Oncogenic signalling

KRAS signalling and early oncogenesis

The leading causes of non-gender specific cancer-related mortality are lung, bowel and pancreatic cancers, tumours that are often driven by mutations in KRAS (19%, 45% and 98% of the total cases, respectively). Despite the colossal efforts to understand RAS biology and its implication in cancer and the vast knowledge we have acquired about RAS in the last decades, this knowledge seems to have not translated into advances in therapeutic intervention as yet.  This is particularly evident in pancreatic cancer, where almost the entirety of cancers presents a KRAS mutation at the G12 residue, exhibits very poor prognosis with survival rates that have not improved over the last decades. Several obstacles to effective therapy have been identified, for instance thoroughly reviewed by Cox et al.: the difficulty to directly drug RAS, the complexity of RAS effector signalling network, the existence of different RAS isoforms and different – functionally diverse – oncogenic mutations, cooperation with mutations in other genes and interference with the wild-type KRAS allele. Our approach, targeted to the understanding of networks in living cells, is of strategic value in resolving some of these obstacles.

Genetic heterogeneity

We have undertaken a systematic analysis of how genetic mutations alter the dynamic topology of KRAS effector signalling networks leading to diverse cancer-associated phenotypes. Our work relies on the use of isogenic panels of KRAS mutant cells, KRAS-inducible cell lines, transcriptomics, bioinformatics and modular response analysis. We aim to discover novel mechanisms that can be leveraged for therapeutic or diagnostic purposes. 

People: Dr Suzan Ber (since 2017) and Ms Khushali Patel (since 2018). Collaborators: Dr Ben Hall and Dr Shamith Samarajiwa at the MRC CU. 

Non-genetic heterogeneity

After our earlier work on cell-to-cell variability in cell decisions at the DNA damage checkpoint, we are now refocusing our work on non-genetic heterogeneity in signalling and metabolic pathways in the context of KRAS oncogenic signalling. When a cell acquires a KRAS mutation, it can trigger tumour suppressive mechanisms (e.g., cell death or senescence) or gain a fitness advantage that might, over time, lead to cancer. Also, tumours that accrued mutations in KRAS-related pathways can be treated with targeted drugs, but while a significant fraction of cells can be killed, others may escape leading to aggressive and resistant cancers. Although genetic basis for these phenomena are known, it is increasingly apparent that non-genetic factors also play a fundamental role in these processes. With the tools we have developed to establish a live single-cell systems-biology of cellular decisions, we are now characterizing the large non-genetic heterogeneity observed at the signalling, metabolic and phenotypic level. We aim to understand the role of non-genetic heterogeneity in early oncogenesis and therapeutic response and how genetic variability in KRAS-driven cancers might synergize with this process to make KRAS-driven tumours a very difficult disease to treat.

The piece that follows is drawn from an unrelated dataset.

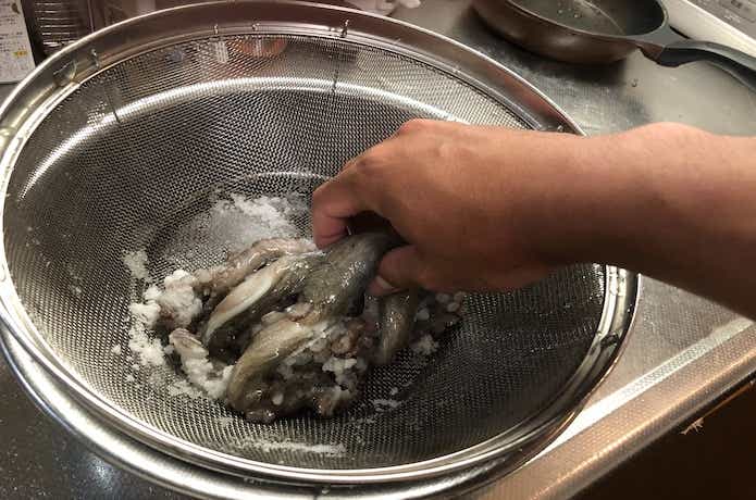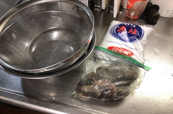 内臓をとったタコと大さじ1〜2杯程度の食塩を金ザルに入れ、タコを網に擦りながらぬめりをとります。

People: Mr Pablo Oriol Valls (since 2018), Ms Annie Howitt (since 2019) and Dr Andrew Trinh (since 2019). Collaborator: Dr Christian Frezza at the MRC CU.

Paracrine oncogenesis

Tumour initiation is a process of sequential genetic and biochemical alterations occurring over time in a three-dimensional environment. However, cooperation and competition of cellular populations within a living tissue are also fundamental, yet not fully understood, mechanisms underlying tumour initiation and promotion. Therefore, more accurate observations and modelling of these heterogeneous cellular populations are of strategic importance for the understanding of cancer and, consequently, to design future therapeutic interventions.todel It is increasingly recognised that cell-to-cell communication is fundamental in maintaining tumour heterogeneity and plasticity and to determine early steps in oncogenesis. We are carrying out theoretical work to understand how DNA mutations and cell-to-cell communication can contribute to the early stages of carcinogenesis [BIORXIV/2018/431478].

We are also grateful for the very recent funding provided by the Cancer Research charity to study this process experimentally. Within a project code-named OncoLive we are establishing biophysical and genetic techniques to enable us seeding genetic mutations in a highly controlled spatiotemporal way and to quantify in time the consequences on biochemical networks and clonal dynamics in three-dimensional cultures.

Collaborators: Dr Maria Alcolea (joint PI) at the Stem Cell Institute in Cambridge and Dr Philip Greulich (co-I) at the University of Southampton.